» About this exercise:
Exact copy, pictures excluded: print the lines from the one with "実態調査のデータ整理を進めて" through the final line of the records.

******************************

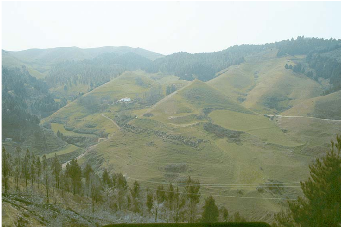
Cortijo "El Gusano"

ZONA GEOGRÁFICA: La zona de producción de la leche apta para los productos amparados por esta denominación de origen coincide con la zona de elaboración y maduración y se circunscribe a tres municipios de la Comarca noroeste de Gran Canaria, que son:
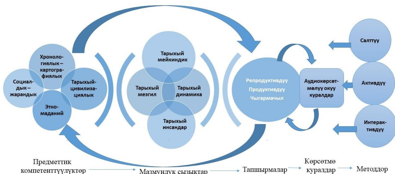
1-сүрөт. Тарых предметинин мазмунун түзүүнүн биз сунуштаган схемасы

Үчүнчү этапта, мугалимдер Кыргызстан тарыхы курсунун компетенттүүлүккө негизделген оптималдуу мазмунун сынап көрүштү. Мазмун биз сунуштаган критерийлерди (1-тиркеме) эске алып, компетенттүүлүккө негизделген Кыргызстан тарыхы курсунун оптималдуу мазмунунун моделинин (2-тиркеме) негизинде түзүлдү жана ар бир предметтик компетенттүүлүктүн калыптангандыгын сынаган деңгээлдик тапшырмалар менен коштолду.
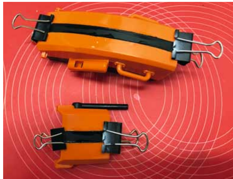
Die ersten Kamine wurden aufwändig mit Polystyrolstreifen breiter gemacht

passen, habe ich Distanzringe auf der Drehbank hergestellt. Ebenso wurde die Bohrung des großen Kegelrads auf der Drehbank mit einem Innendrehstahl auf 6 Millimeter erweitert. Nur so wird die Bohrung wirklich zentrisch, selbst auf der Drehbank werden Bohrungen manchmal nicht gerade und ich spreche da aus Erfahrung... Zur Abstützung des Kegelrades klebte ich ein 14 x 6 Millimeter großes Kugellager in das Gehäuse und passte dann eine Distanzhülse so an, dass das Spiel zwischen den Zahnradern stimmt.
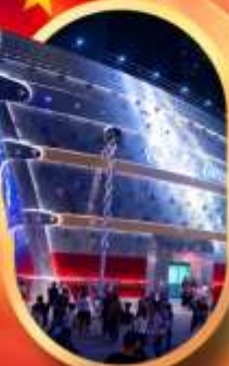
เรือเดอะหลุยส์
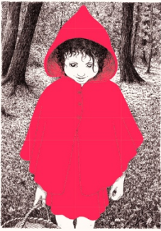
« Bonjour Petit Chaperon rouge »

Demander aux élèves d'écrire ce que pensent et ressentent les deux personnages et en particulier le petit chaperon rouge. Utiliser par exemple la même démarche que l'auteur avec le loup c'est-à-dire en utilisant des phrases très courtes avec des verbes à l'infinitif.
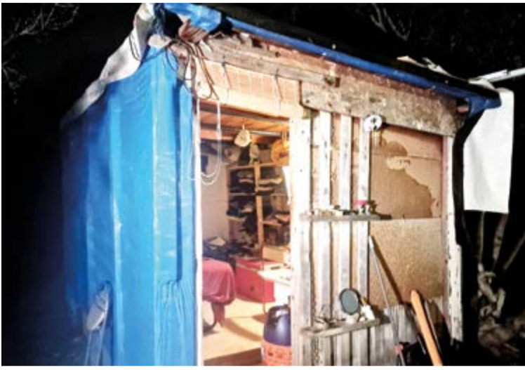
Baleares Sin Fronteras estuvo a pie de calle conociendo las opiniones y necesidades de algunos de los habitantes sin hogar.
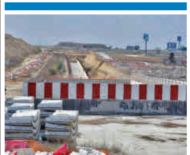
Obras del tren de Móstoles a Navalcarnero

La Policía Local de Valdemoro ha detenido a una mujer por agredir a dos agentes que mediaban en un conflicto por la custodia de una menor.
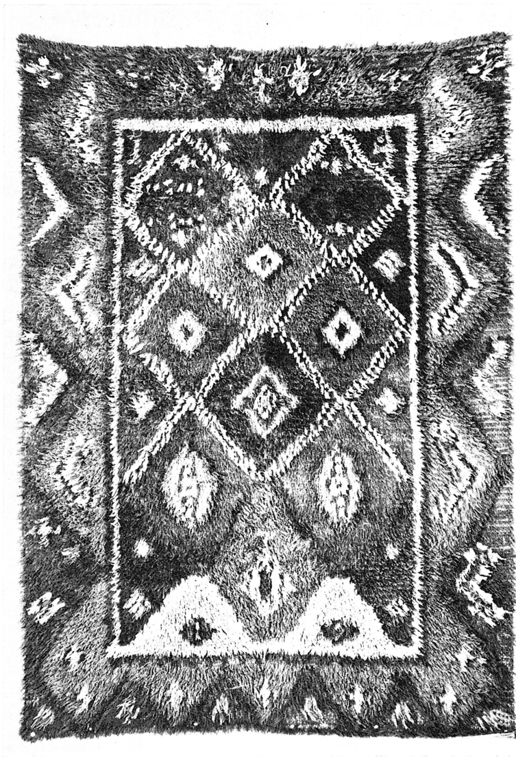
Bild 1. Rya, Skuttunge socken, Bälinge härad, daterad 1854. Allmogerya av prydnadsryctyp. Upplandsmuseet, inv.nr. 12 316.
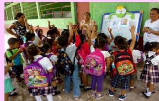
Presentación de galerías de imágenes alusivas al tema
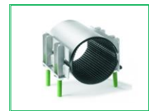
KOLAY TAMİR KELEPÇESİ ÇİFT TARAFLI PARÇA
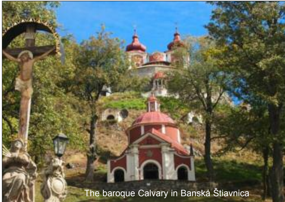
The baroque Calvary in Banská Štiavnica

The cruelties of the communist regime are evidenced in the story of the first beatified woman in Slovakia. Sister Zdenka, civilian name Cecilia Scheling, grew up in the village of Krivá in the Orava region in the 1920s. In 1952 she assisted several Catholic priests in escaping from the former Czechoslovakia. The communist secret police imprisoned and tortured her on the grounds of treason. She was released in 1955 but died just months later. After the fall of the regime, Pope John Paul II asked believers to collect materials and spread the testimony of people who suffered for their religion.
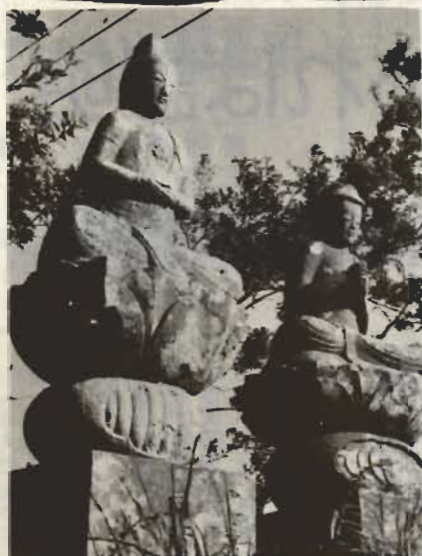
↑九重の竹原にある大日如来

九重の竹原、青年館から東へ約300m行った小高い丘の上に、下を見おろすように二つ並んでたっているのがこの石仏。これは出羽三山の信仰にからんでつくられました。
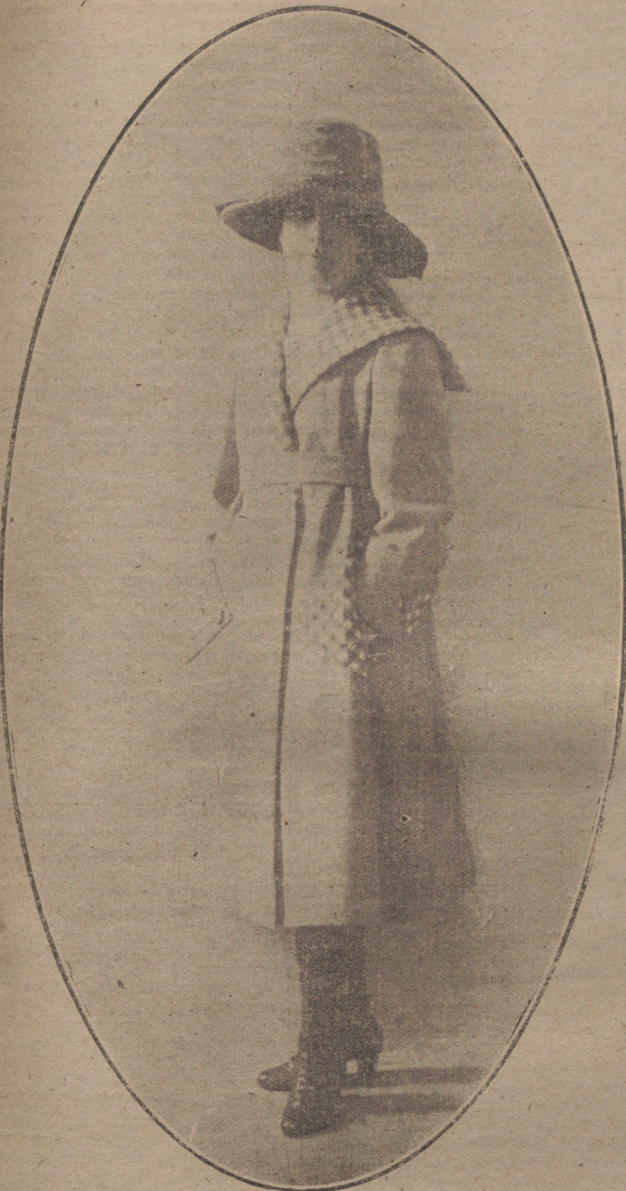
Modelo de gabán de paño, color claro, con vueltas a cuadros, creación de la casa Berthelle.
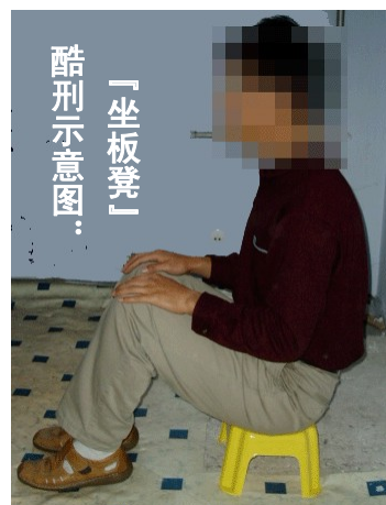
酷刑示意图: 「坐板凳」
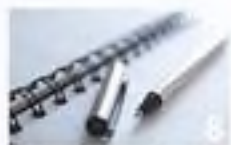
table des matières obsah
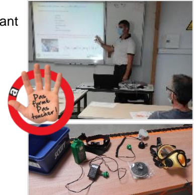
Source photo 1 : Visuel de la campagne "Pas, formé, pas toucher", - © OPHBTP Source photo 2 : BTP CFA VIENNE
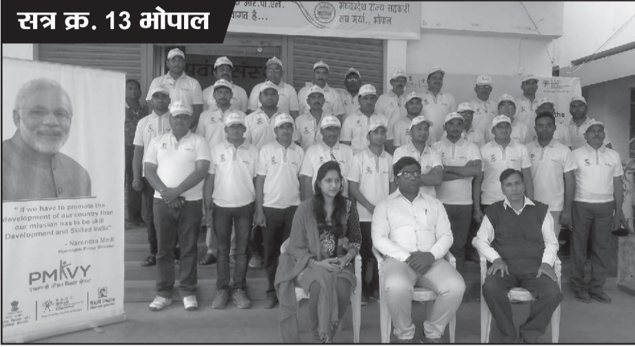
सत्र क्र. 13 भोपाल
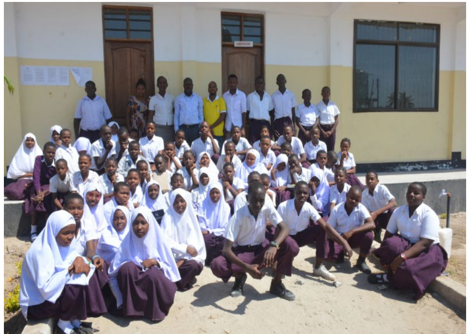
Baadhi ya wanafunzi wa kidato cha kwanza na waalimu wa Shule ya Sekondari Paul Makonda wakiwa kwenye picha ya pamoja

Majengo 3 ya utawala yamejengwa chini ya uongozi wa Mhe. Mkuu wa Mkoa wa Dar es Salaam na majengo hayo yapo hatua za ukamilishaji ambapo Serikali kuu ilichangia Tsh. 75,000,000.00
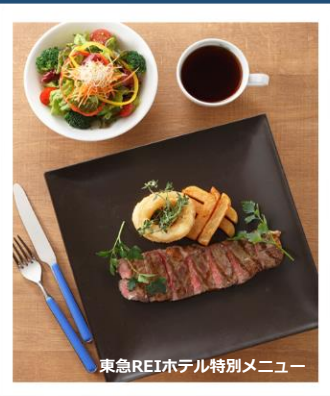
東急REIホテル特別メニュー
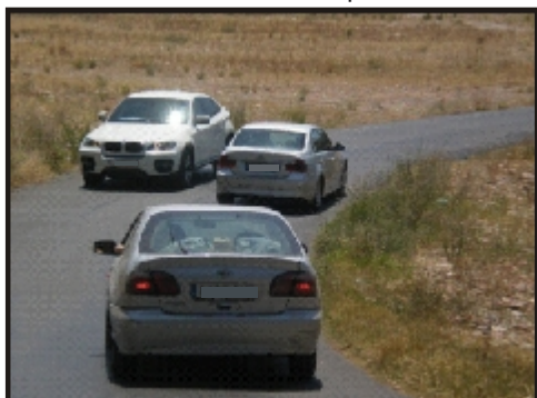
el vado apenas permite el cruce de dos coches

Todos los días cientos de coches hacen su particular rally París-Dakar al cruzar el cauce. Además las señales existentes prohíben la utilización de esta vía básica para El Puerto.
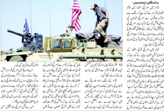
امریکی فوجیوں نے شام کے مختلف علاقوں سے واپسی شروع کی ہے۔ فوجیوں کی واپسی کے ساتھ ساتھ امریکی فوجیوں کی نقل و حرکت کو خفیہ رکھا جائے گا۔

واشنگٹن (بیجنسیاں) شام میں امریکی افوج کی واپسی شروع ہو گئی ہے۔ امریکی فوجیوں نے شام کے مختلف علاقوں سے واپسی شروع کی ہے۔ فوجیوں کی واپسی کے ساتھ ساتھ امریکی فوجیوں کی نقل و حرکت کو خفیہ رکھا جائے گا۔ امریکی فوجیوں نے شام کے مختلف علاقوں سے واپسی شروع کی ہے۔ فوجیوں کی واپسی کے ساتھ ساتھ امریکی فوجیوں کی نقل و حرکت کو خفیہ رکھا جائے گا۔
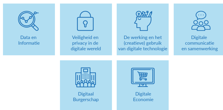
Figuur 1: overzicht van de grote opdrachten

Op basis van de visie zijn zes grote opdrachten te formuleren. De grote opdrachten omschrijven de grote thema's die relevant zijn voor het leergebied digitale geletterdheid. In de grote opdrachten komen alle elementen vanuit de visie samen, volgens een holistische benadering. In de grote opdrachten worden de vier perspectieven verbonden aan de vier domeinen die hierboven beschreven staan.
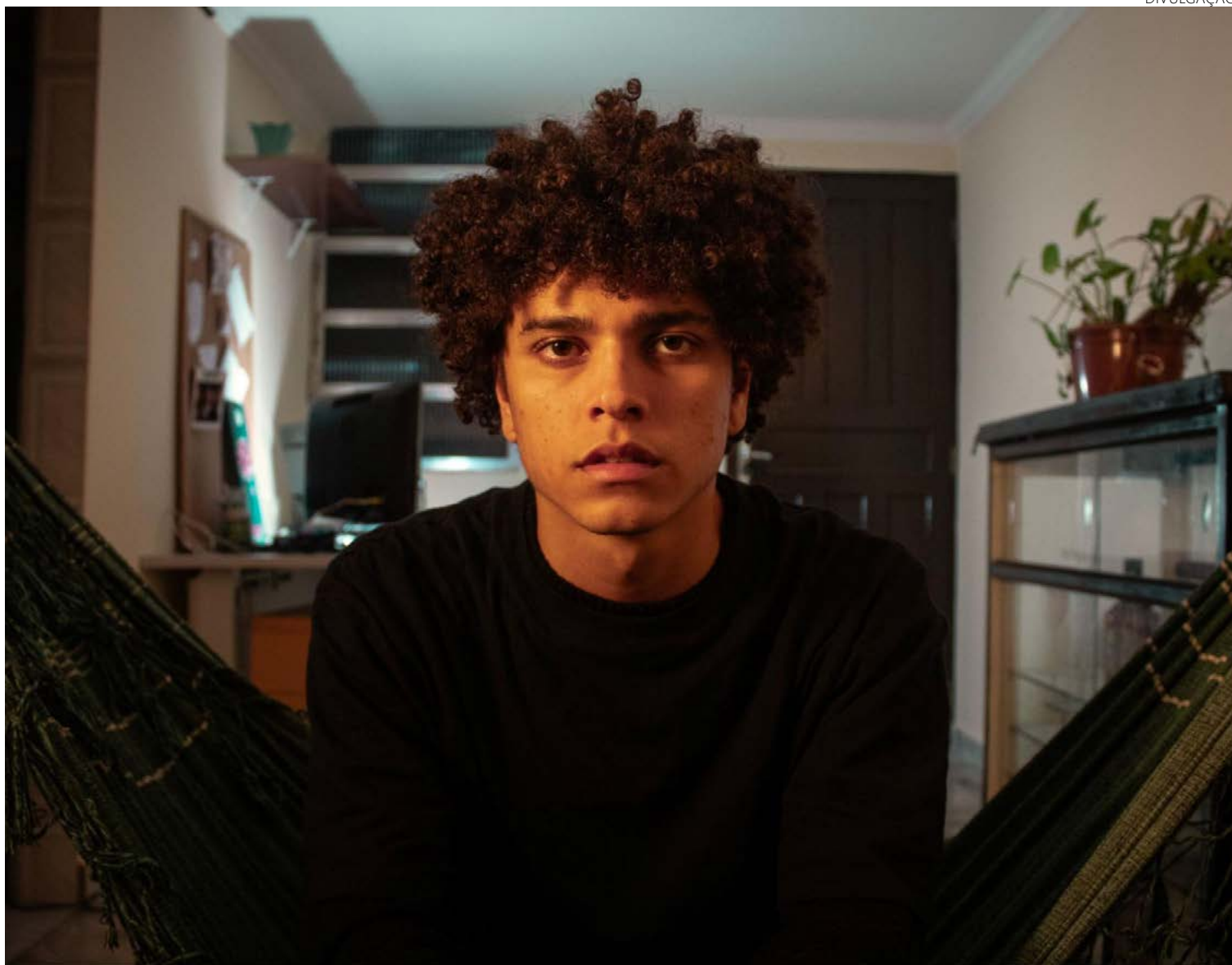
Cena do filme “Disforia”: obra integra programação do festival GO Film, neste fim de semana, no Shopping Cidade Jardim

Nesse grupo, inclui-se também “Um Romance Qualquer” (RJ), “Da Ponte Pra Cá” (SP), “Leo” (Espanha), “Vida De Ci-
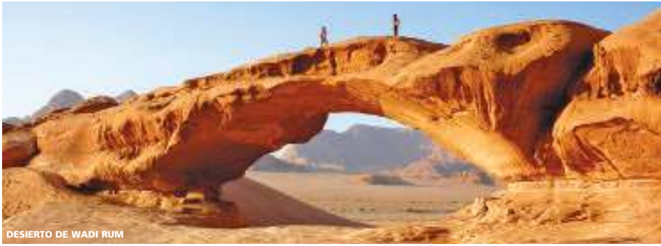
DESIERTO DE WADI RUM

8 días (7 noches de hotel) desde 820 USD
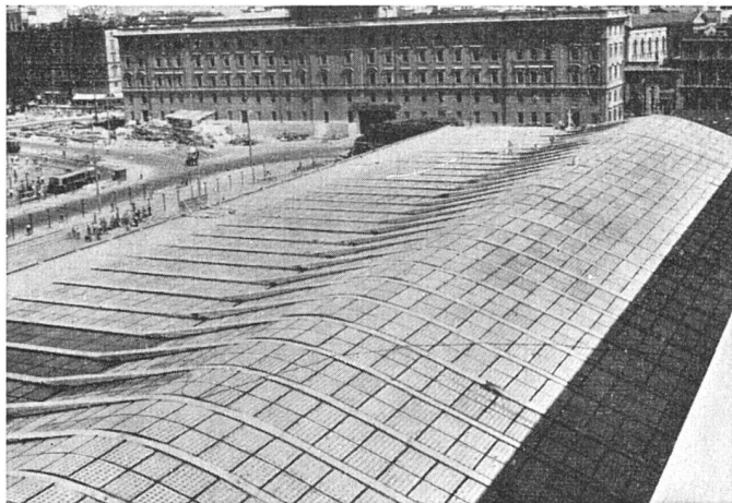
Überdeckung der Schalterhalle

Abdichtung der Anschlußfugen der Oblichter an die Eisenbeton- träger mit schwarzem IGAS- Dehnungskitt . – Ca. 14 000 m' Fugen.
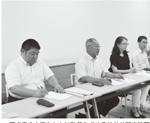
▲要求書の内容をもとに改善を求める地公共闘交渉団

実態調査のデータ整理を進めている」「人事委員会の使命は、日々職務に精励している職員の給与等の勤務条件について、社会情勢に適応した適正な水準を確保すること」「県民の理解の視点も大変重要」「中立・公正な第三者機関として適切に対応していきたい」などと述べた。
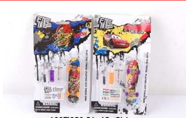
Mini deskorolka 1007I023
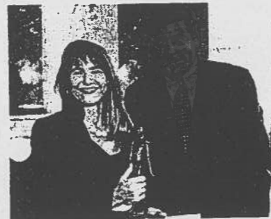
Journalistin Lilli Gruber erhält Carlo-Schmid-Preis
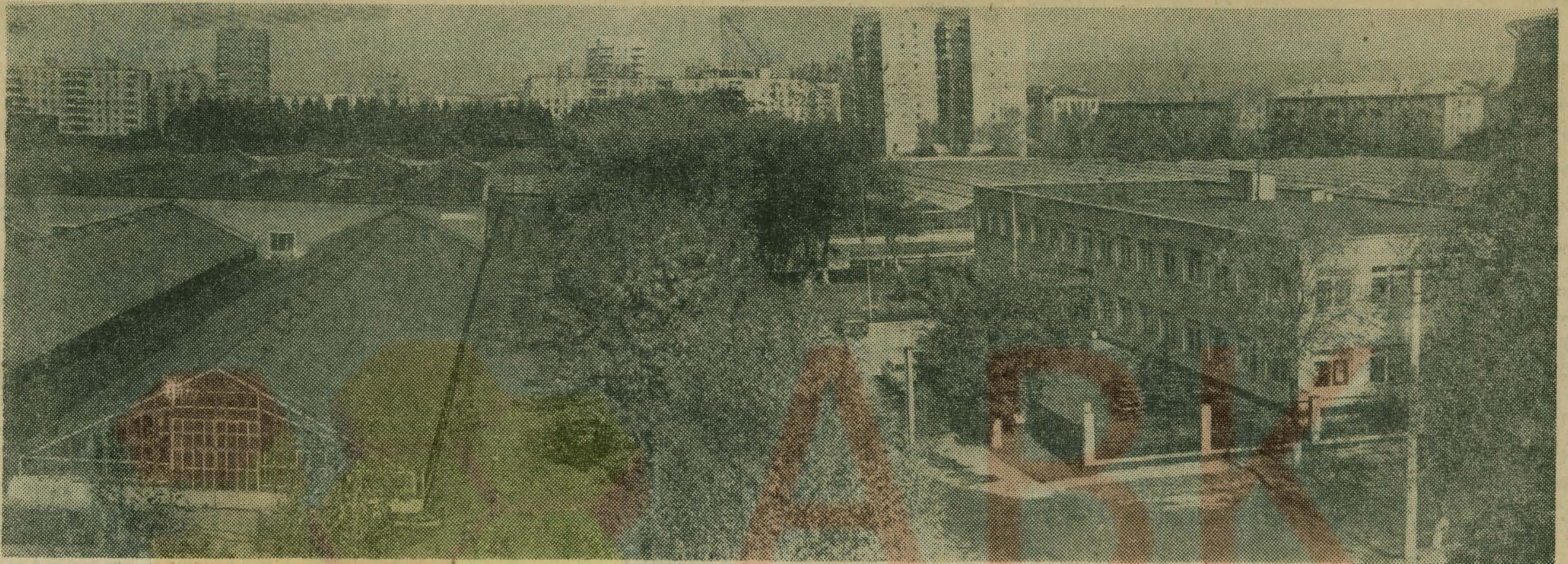
ПРОФЕССИОНАЛЬНО-ТЕХНИЧЕСКОЕ УЧИЛИЩЕ № 165 НА ПЕРЕДНЕМ ПЛАНЕ (СПРАВА) — УЧЕБНЫЙ КОРПУС.

******************************

» Answer section:
実態調査のデータ整理を進めている」「人事委員会の使命は、日々職務に精励している職員の給与等の勤務条件について、社会情勢に適応した適正な水準を確保すること」「県民の理解の視点も大変重要」「中立・公正な第三者機関として適切に対応していきたい」などと述べた。
Mini deskorolka 1007I023
Journalistin Lilli Gruber erhält Carlo-Schmid-Preis
ПРОФЕССИОНАЛЬНО-ТЕХНИЧЕСКОЕ УЧИЛИЩЕ № 165 НА ПЕРЕДНЕМ ПЛАНЕ (СПРАВА) — УЧЕБНЫЙ КОРПУС.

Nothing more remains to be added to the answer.